I imagine this process of getting to know your own experience—as well your nursing work—has helped you navigate encounters with death. Of course, every death is different. Yet there are remarkable similarities. We’re not that different from each other. You can really predict and expect certain things with the deaths from chronic illness. Even with sudden deaths, once the moment of death is reached, it’s the same moment. It’s something you recognize if you’ve seen it before. It’s like that line in the Theravada version of the Mahapari-nirvana Sutra where Ananda says that the hair on the back of his neck stood up when the Buddha died. There’s something we recognize there that goes really deep.

I also want to say that I had a lot of fun writing this book. I feel a lot of joy in the face of the preciousness of life—a kind of silly joy at times. Not only are there these rituals of crying and role change that every culture has around the deathbed, there’s also a deep worldwide culture of laughing at death, making fun of it, joking about it. I think it’s because it puts us face-to-face with the deep love that we feel for each other.

This reminds me of a 2007 study you mention in the book that says thinking about our death makes us happier. Yes, but they explained this happiness in a different way. They’re talking about terror management theory—the psychological belief that it is fundamental to human nature to be terrified of death and that you can’t escape the terror. Terror management theory states that you can’t not be afraid of death. I don’t believe that. I think we are all afraid of it until we know it. When we really know it, that’s what spares us from the terror. Terror management theory says that this is part of being human, and that we do a tremendous number of things to distract and protect ourselves from this fear. I think we’re healthier than that. In the Buddhist sense, we have the potential to be as healthy and whole around this as around everything else in our life.

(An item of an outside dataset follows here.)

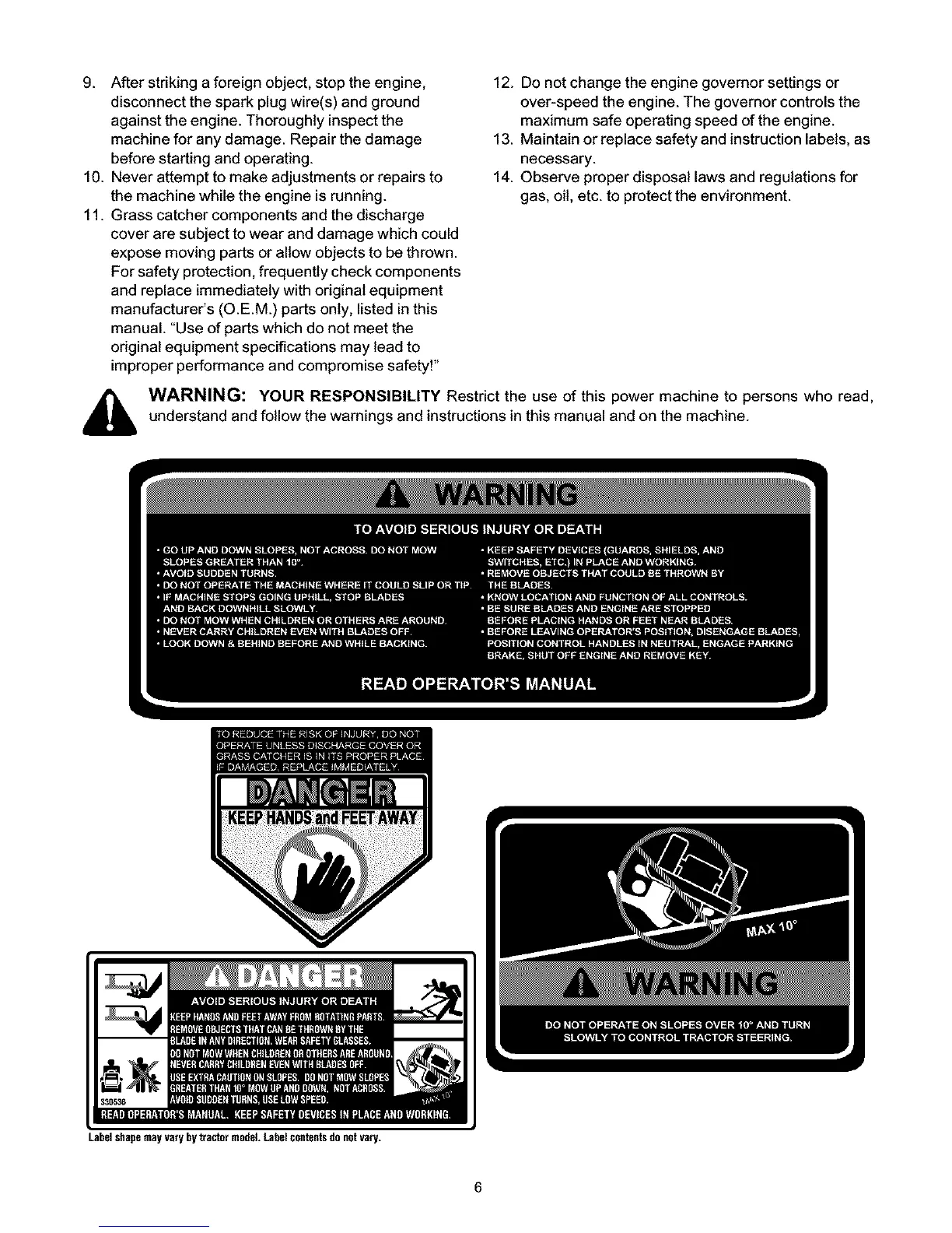 i_ WARNING: YOUR RESPONSIBILITY Restrict the use of this power machine to persons who read,

An awareness of death comes and goes. We’re hyperaware of it at one moment, maybe when someone close to us is dying, and then it fades away again. How do we get to know death, or maintain this sense of awareness? I’m a Zen practitioner, so the language I’d use here is “the falling away of body and mind.” If we become familiar with what it means to arise and fall in every moment, if we become familiar with the emptiness of the purported self and we come to accept ourselves as a loosely cohering set of compounded things, we don’t believe in the self all the time. Of course, we constantly forget and remember this again, but over time we do become more familiar with ourselves as impermanent, and eventually we come to see the glory of that. The grace of impermanence is that we belong to everything, that we are not separated from anything, that we are not isolated. As I say in the book, we may be waves on an ocean, but we are waves that know we are waves. That’s what I mean by really getting to know death. It’s not just spending time at a bedside, being with people who are facing death, getting to know your reactions to it. In a practical sense, this can be very helpful. But the most effective thing in getting to know death isn’t being with dying people, but sensing myself as being a continually dying person.

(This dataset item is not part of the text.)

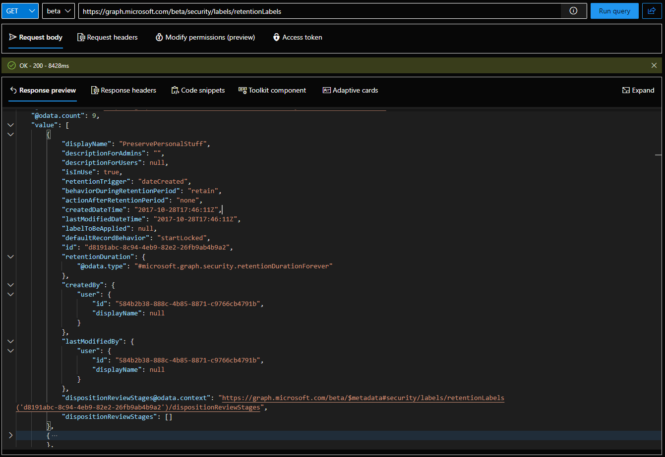 Once permissions are taken care of, all you need to do is authenticate and start using the new endpoints. The Graph Explorer tool is a good starting point when running in the delegate permissions model, so here’s how a request to list all retention labels within the tenant looks like therein:

There’s a saying I’ve been told as long as I’ve been practicing: “If you die once, you will never have to die again.” I heard that when I was very young, and I didn’t know what it meant, but I do now. When I first experienced the falling away of body and mind, even a tiny bit, it was as though I had been a tightly wound spring, and I thought, I’m going to continue to unwind forever. There was such relief and relaxation and peace in the realization that this constriction would keep letting go. I could just look forward to more and more relaxation. Throughout my life I have continued to feel that spring unwind, a little bit at a time. We have as many lifetimes as we need to get there. [Laughs.]

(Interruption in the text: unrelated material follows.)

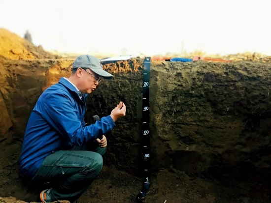 中科院沈陽應(yīng)用生態(tài)研究所張旭東研究員團(tuán)隊(duì)成員在保護(hù)性耕作研發(fā)基地采集土壤剖面標(biāo)本和深層土壤樣品。

Still, I will feel afraid when it’s my time, when I get that bad diagnosis and I’m on that doctor’s table. I’m sure there will be resistance and fear. So let’s admit it: The resistance is there. The denial arises. Admit that. But there will also be curiosity and wonder at the point of facing death, just because I have looked at it enough.

Your experience as both a dharma teacher and a nurse comes through in the book: you’re writing from the perspective of someone who has witnessed countless deaths. Yes, but that doesn’t mean that I don’t feel uncertainty and awkwardness as well. We bring our whole self there. It’s significantly easier for me to do this with a client than a friend.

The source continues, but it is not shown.